PROMPT: Print exactly what appears from the line containing "会议还安排了由所磁共振成像中" through the final line of the data below, pictures excluded.

SUPPLIED INFORMATION:
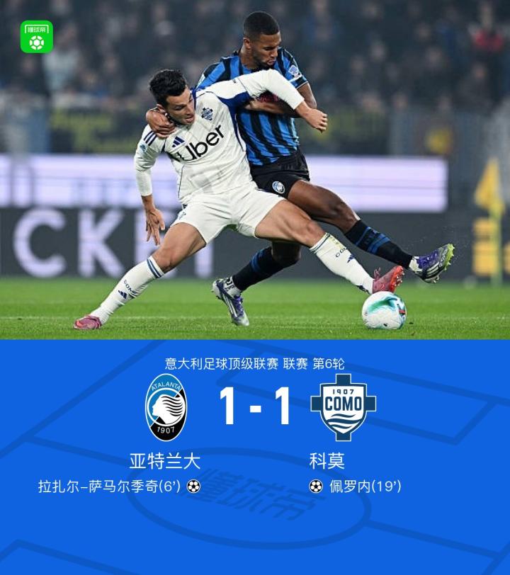 北京时间10月5日,意大利足球顶级联赛第6轮展开角逐,亚特兰大坐镇主场迎战科莫。比赛开始后,亚特兰大率先打破僵局,拉扎尔-萨马尔季奇接队友配合后果断起脚,将球送入对方网窝,为主队取得领先。随后科莫迅速做出回应,佩罗内在进攻中抓住机会完成破门,帮助客队扳平比分。此后双方互有攻守,但均未能再度改写比分。最终全场战罢,亚特兰大与科莫以1比1握手言和。
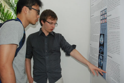 会议还安排了由所磁共振成像中心与科研处合作组织的所内科研成果展览。展览以海报形式向海内外来宾展示了所内近些年在脑功能影像分析方法、决策的神经机制、语言等方面取得的科研成果,增加了所内师生与海内外学界同仁的交流。来自德国慕尼黑大学的代表团也展出了他们在考察社会认知与艺术审美的神经机制方面的最新研究进展。
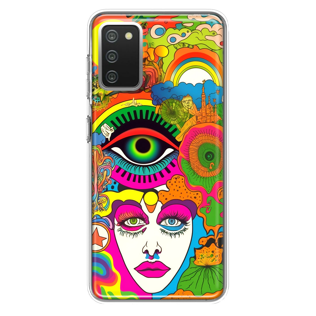 For Samsung Galaxy A02S Neon Rainbow Psychedelic Trippy Hippie Daydream Design Hybrid Protective Phone Case Cover

TASK ANSWER:
 会议还安排了由所磁共振成像中心与科研处合作组织的所内科研成果展览。展览以海报形式向海内外来宾展示了所内近些年在脑功能影像分析方法、决策的神经机制、语言等方面取得的科研成果,增加了所内师生与海内外学界同仁的交流。来自德国慕尼黑大学的代表团也展出了他们在考察社会认知与艺术审美的神经机制方面的最新研究进展。
 For Samsung Galaxy A02S Neon Rainbow Psychedelic Trippy Hippie Daydream Design Hybrid Protective Phone Case Cover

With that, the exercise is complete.